# Crane size for tree work



## Natewood (Mar 13, 2011)

Well,as I get older I start to wonder what can make my life easier! Just wondering what size crane would be adequate for tree work in a residential/suburban enviroment. Looking for tonnage and height.i can't believe I don't know the answer to what seems a fairly simple question but we hired out our cranes and the operator/estimator would never tell us the rigs capabilities or specs.Thanks in advance1


----------



## A&Atree (Mar 13, 2011)

*crane size*

hey buddy i have used a few diff size cranes regulaury and i am most happy with the 23 1/2 ton with 100ft live boom and 45 jib which we never use. the only problem with that truck is the weight. the truck weighs 55000 lbs empty and legaly can haul up to62500. But as far as the boom i love it good capacity at 30-50 ft. i have also used a 17ton with 75ft live, the problem with that crane is that you are always putting on the jib and there goes your capacity. a 14ton with 63ft boom i used but its a tiny boom it still can get the job done but would not suggest that size at all its way to small.


----------



## teamtree (Mar 13, 2011)

We rent our cranes right now and I would say go with a smaller boom truck (23 1/2 ton) that you can manauver easily and is not going to cost you a ton in DOT and License fees. You can always rent bigger and not have the overhead of maintaining it. If we buy something, I would buy something in the 17-25 range with at least a 90' stick....but I am learning the crane game and we have the luxury of having big yards and big drop zones in this area.

But it really comes down to how you are going to use it. We may do removals one day and then go trim for a few days. There is very little need for a crane in trimming.


----------



## mpatch (Mar 13, 2011)

normally we contract out a 40 ton but have gone as large as 180 ton for really long reaches. The 180 ton we used last time we were picking around 175 feet from the crane to the stump, slow and set up and take down time is forever on the larger cranes. When we use a crane there is no way we could get away with only having a 100 foot stick, trees are too tall.


----------



## mikewhite85 (Mar 15, 2011)

mpatch said:


> normally we contract out a 40 ton but have gone as large as 180 ton for really long reaches. The 180 ton we used last time we were picking around 175 feet from the crane to the stump, slow and set up and take down time is forever on the larger cranes. When we use a crane there is no way we could get away with only having a 100 foot stick, trees are too tall.


 
wow.

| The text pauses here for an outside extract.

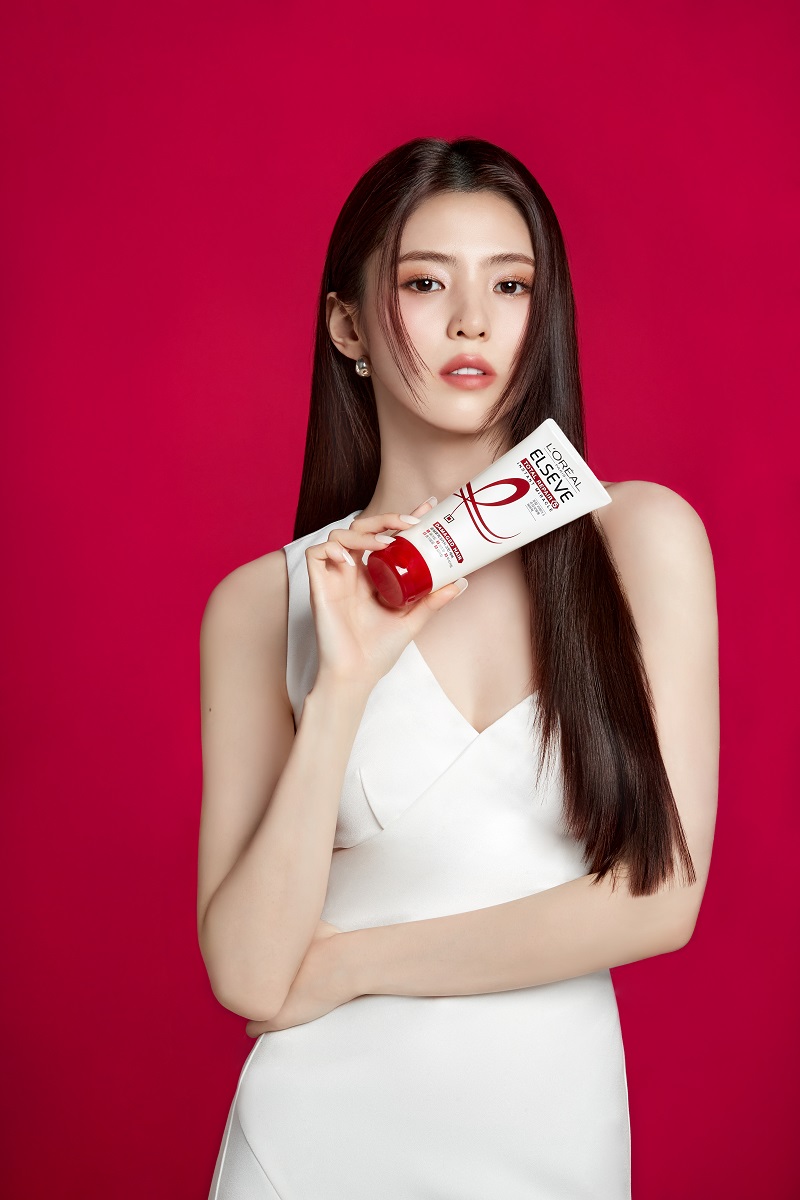 한소희의 아름다움을 더욱 돋보이게 해준 부드러운 머릿결은 로레알파리의 대표 헤어팩 제품 ‘토탈리페어5 인스턴트 미라클 헤어팩’으로 완성됐다.

How much is the date rate for a 180 ton?? a 40 ton is around 1500 around here.


----------



## mpatch (Mar 15, 2011)

180 runs $375 an hour if I remember right and you get charged an hour of travel time at least. Most of the crane jobs we do are done in 3-6 hours of crane time actually making picks. When we used the 180 it took 1.5-2 hours to set up and a bit less than an hour to take down. Not to mention you have to shut the street down because of the outrigger spread.


----------



## Natewood (Mar 15, 2011)

I'm starting to get the idea crane ownership is not a good idea....


----------



## mpatch (Mar 15, 2011)

here are some pics of the big crane, could have rigged the tree down but the backyard had beautiful landscaping and the homeowner wanted minimum impact. first pick around 9am last pick around 1pm ish


----------



## mikewhite85 (Mar 15, 2011)

mpatch said:


> here are some pics of the big crane, could have rigged the tree down but the backyard had beautiful landscaping and the homeowner wanted minimum impact. first pick around 9am last pick around 1pm ish


 
Expensive tree removal! That's a huge machine. Hope you were able to make some money for yourself as well.


----------



## tomtrees58 (Mar 15, 2011)

we run a 100 foot 18 ton and rent a 50ton some times


----------



## mpatch (Mar 15, 2011)

pics of the 40 ton we normally use. tree had a drainage ditch on both sides of it. biggest pick was 7100 lbs.


----------



## sgreanbeans (Mar 16, 2011)

A few years ago, we went to a seminar/workshop that Vermeer was puttin on. They were telling horror storys. One of them was about this guy who had a monster crane come in for a 25' tall maple, way out in a back yard, something went wrong and the crane came over, they were picking over the house, crane went down thru it, basically cutting the house in half! They put pics up, WOW! Thing was, the tree could have been felled in any direction with out hitting anything, but Tree dude wanted to make it quick as it would have been a long drag! I think I would jumped into the chipper if that happened to me!
Ya need to get TV on this, he is like the crane guru, he will be able to tell you what ya need


----------



## pdqdl (Mar 16, 2011)

mpatch said:


>


 
Why would you bother with a bucket truck on that job? It looks like there is lots of room to drop the tree with.


----------



## mpatch (Mar 16, 2011)

pdqdl said:


> Why would you bother with a bucket truck on that job? It looks like there is lots of room to drop the tree with.


 
Between the truck and the tree there is some kind of concrete dam/irrigation system with a ditch about 6 feet deep with locks and other smaller ditches. The ditch in the right side of the is over 10 feet deep.


----------



## Rickytree (Mar 16, 2011)

Mpatch, what is behind the pickup? Can't tell. How do you load the wood? and is that a willow?


----------



## mpatch (Mar 16, 2011)

Rickytree said:


> Mpatch, what is behind the pickup? Can't tell. How do you load the wood? and is that a willow?



grapple truck, cottonwood


----------



## Rickytree (Mar 16, 2011)

Ah....NICE! I'm talking about the grapple truck... not the cottonwood.


----------



## epicklein22 (Mar 18, 2011)

I see a lot of smaller cranes buzzing around here. It really depends on how big you make your picks and how is operating. Some companies make a bunch of smaller picks and others take as big as possible. 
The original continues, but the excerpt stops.